With the continuous expansion of the scale of the power grid in China, the number of power consumers is increased rapidly, and higher requirements are put forward on the service level of power supply enterprises. The original power first-aid repair scheduling systems cannot rapidly and effectively schedule first-aid repair resources due to technical and strategic defects, and economic loss is increased.
Disclosure of Invention
Aiming at the problems, the invention provides the intelligent power distribution network fault emergency repair method and device based on deep reinforcement learning, which are convenient for resource allocation and can reduce the emergency repair time.
The technical scheme of the invention is as follows: the method comprises the following steps:
s1, constructing a power distribution network fault first-aid repair deep reinforcement learning model, formulating a power distribution network fault first-aid repair task, and taking a system state as the input of a deep neural network;
step S2, training the neural network according to the input system state to obtain the system action;
step S3, bringing the system state and the system action into a reward function to obtain a reward value of the system action, and updating the neural network parameters according to the magnitude of the reward value;
and S4, repeating the steps S1-S3 until the reward value tends to be stable, thereby completing the training process and carrying out distribution network fault emergency repair resource allocation according to the final system action.
The system state comprises the distance between a fault point and an emergency repair center and the emergency repair task amount.
In the step S1, the deep reinforcement learning model is built by a neural network, and parameters of the neural network in the model include weight w, bias b, learning rate L and the number of hidden layers of the neural network.
The distribution network fault first-aid repair task in the step S1 is as follows: ru(du,nu) (ii) a Wherein d isuIndicating the distance of the repair point from the repair center, nuIndicating the amount of first-aid repair tasks.
In step S1, the distance between the failure point and the emergency repair center and the emergency repair task amount may be expressed as S { d1, d2 ·, du, n1, n2 ·, nu }, as the system status.
The system action in step S2 is defined as a ═ f1, f2, ·, fu, where fu is the amount of resources allocated to the fault point u by the emergency repair center, including emergency repair personnel, emergency repair vehicles, and emergency repair tools.
The prize winning function in the step S3 is defined as r ═ rmax-TallWherein r ismaxRepresenting the maximum value of the repair time, TallRepresenting the time taken for the first-aid repair.
Time T spent in first-aid repairallThe system consists of two parts, namely journey time and maintenance time; wherein, the journey time refers to the time when the vehicle reaches the fault point and can be expressed asouIndicating the vehicle travel speed assigned to the fault u; repair time refers to the time it takes for a repair person to resolve a fault, and may be expressed as
The utility model provides a device is salvageed to distribution network trouble intelligence based on degree of depth reinforcement study, includes:
the data input module is used for inputting a power distribution network fault first-aid repair task;
the system state module is used for establishing a system state formed by combining the distance between the fault point and the emergency repair center and the emergency repair task amount and used as the input of the deep reinforcement learning model;
the system action module is used for carrying out neural network training on the input system state to obtain system action;
the reward module is used for bringing the system state and the system action into a reward function to obtain a reward value of the system action, and updating the neural network parameters according to the magnitude of the reward value;
and the distribution module is used for carrying out distribution network fault first-aid repair resource distribution according to the last system action. According to the technical scheme, the deep reinforcement learning model reaching the training purpose can be obtained, and the model has strong perception capability and decision-making capability according to the characteristics of the deep reinforcement learning algorithm. Through interacting with the actual emergency repair environment, a solution is provided for the complex emergency repair task.

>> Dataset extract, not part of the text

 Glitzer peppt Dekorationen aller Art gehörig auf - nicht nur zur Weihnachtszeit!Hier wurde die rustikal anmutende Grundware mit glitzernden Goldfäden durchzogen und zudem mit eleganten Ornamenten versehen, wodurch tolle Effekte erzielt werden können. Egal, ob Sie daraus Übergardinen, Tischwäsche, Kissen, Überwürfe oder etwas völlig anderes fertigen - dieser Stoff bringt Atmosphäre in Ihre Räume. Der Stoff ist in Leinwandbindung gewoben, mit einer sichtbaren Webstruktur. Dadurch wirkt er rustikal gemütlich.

The method can find the optimal distribution network fault emergency repair resource allocation method based on the deep reinforcement learning algorithm under the condition of a plurality of fault emergency repair tasks, so as to reduce the fault emergency repair time.

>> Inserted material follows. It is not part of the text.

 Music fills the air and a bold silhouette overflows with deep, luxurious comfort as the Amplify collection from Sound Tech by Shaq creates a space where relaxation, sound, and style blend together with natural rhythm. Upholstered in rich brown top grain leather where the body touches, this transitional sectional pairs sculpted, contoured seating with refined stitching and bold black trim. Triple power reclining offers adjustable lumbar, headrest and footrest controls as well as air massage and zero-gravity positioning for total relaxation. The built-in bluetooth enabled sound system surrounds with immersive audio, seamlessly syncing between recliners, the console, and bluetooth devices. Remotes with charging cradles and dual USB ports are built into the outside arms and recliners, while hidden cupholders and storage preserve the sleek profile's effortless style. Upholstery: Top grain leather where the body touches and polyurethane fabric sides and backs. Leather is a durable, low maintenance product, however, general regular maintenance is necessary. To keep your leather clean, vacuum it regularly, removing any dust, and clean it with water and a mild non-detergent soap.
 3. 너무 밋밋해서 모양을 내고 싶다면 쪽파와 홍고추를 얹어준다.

The invention greatly reduces the time for rush repair of faults and improves the power utilization satisfaction of users; meanwhile, the economic loss is reduced.
Drawings
FIG. 1 is a flowchart of a method for intelligently repairing a power distribution network fault based on deep reinforcement learning according to an embodiment of the present invention,
fig. 2 is a schematic structural diagram of a power distribution network fault intelligent first-aid repair device based on deep reinforcement learning according to an embodiment of the present invention.
Detailed Description
The invention comprises the following steps:
s1, constructing a power distribution network fault first-aid repair deep reinforcement learning model, formulating a power distribution network fault first-aid repair task, and taking a system state as input of the deep reinforcement learning model;
step S2, training the neural network according to the input system state to obtain the system action;
step S3, bringing the system state and the system action into a reward function to obtain a reward value of the system action, and updating the neural network parameters according to the magnitude of the reward value;
and S4, repeating the steps S1-S3 until the reward value tends to be stable, thereby completing the training process and carrying out distribution network fault emergency repair resource allocation according to the final system action.

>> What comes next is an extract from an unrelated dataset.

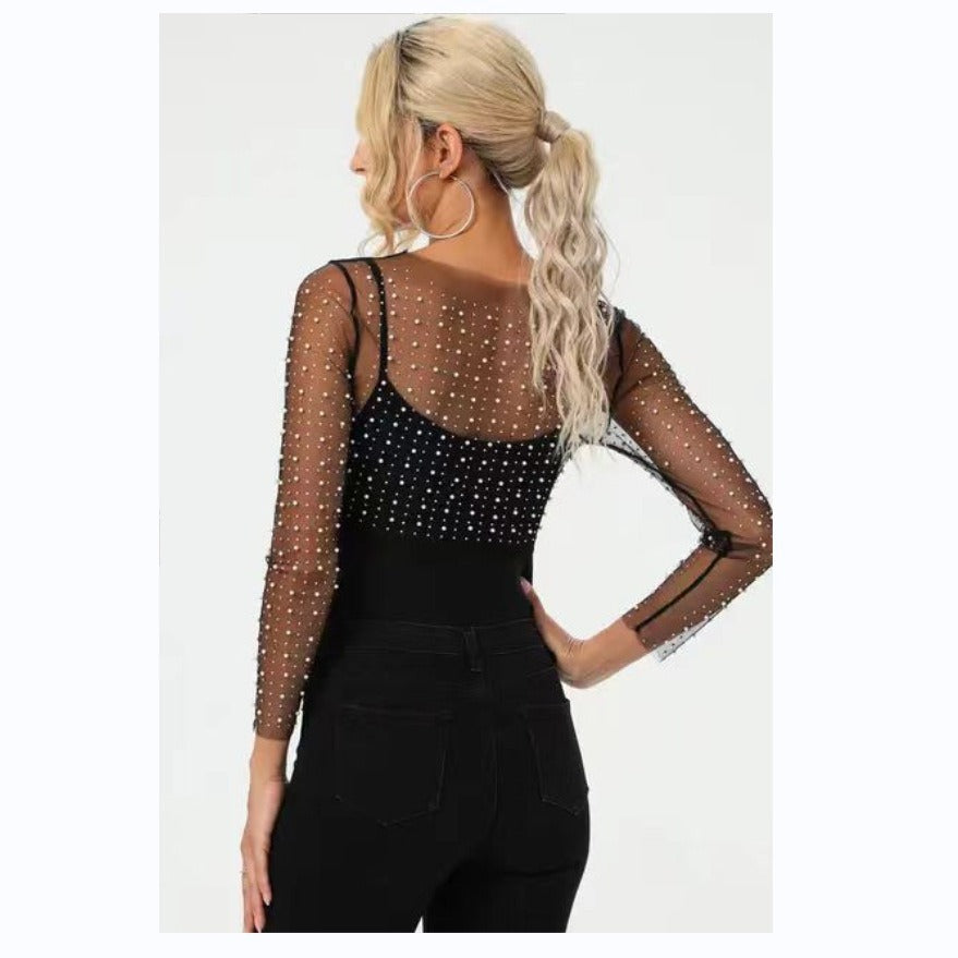 Opdag vores elegante bodysuit til damer med gennemsigtige ærmer og funkende detaljer, der tilbyder den perfekte kombination af stil og komfort. Denne fashionable bodysuit er lavet af materialer af høj kvalitet og er ideel til forskellige anledninger, hvad enten det er en nat i klubben eller en elegant fest.

The deep reinforcement learning model is an end-to-end perception and decision system, and can obtain an optimal strategy through interaction with the environment. Each moment model needs to interact with the environment to obtain a high-dimensional observation, and the observation is sensed by using a reinforcement learning method to obtain a specific state characteristic representation. And evaluating a value function of each action according to the expected emergency repair effect, and mapping the current state into a corresponding action through a certain strategy. The environment reacts to this action and gets the next observation. And finally, the optimal strategy for realizing the target can be obtained.
In the step S3, the parameter value of the neural network directly affects the distribution strategy of the first-aid repair resources of the power distribution network. Therefore, in order to better adapt to the actual dynamic scene and obtain the optimal resource allocation strategy, the neural network parameters are updated according to the size of the reward value.
In step S4, the reward value is r, which can sufficiently reflect the quality of the resource allocation policy, and the larger the value of r, the better the allocation policy. Meanwhile, the change of the r value reflects the result of the neural network training, and when the r value tends to be stable (namely constant), the neural network training is finished, and the optimal distribution strategy of the emergency repair resources of the power distribution network is obtained.
The system state comprises the distance between a fault point and an emergency repair center and the emergency repair task amount.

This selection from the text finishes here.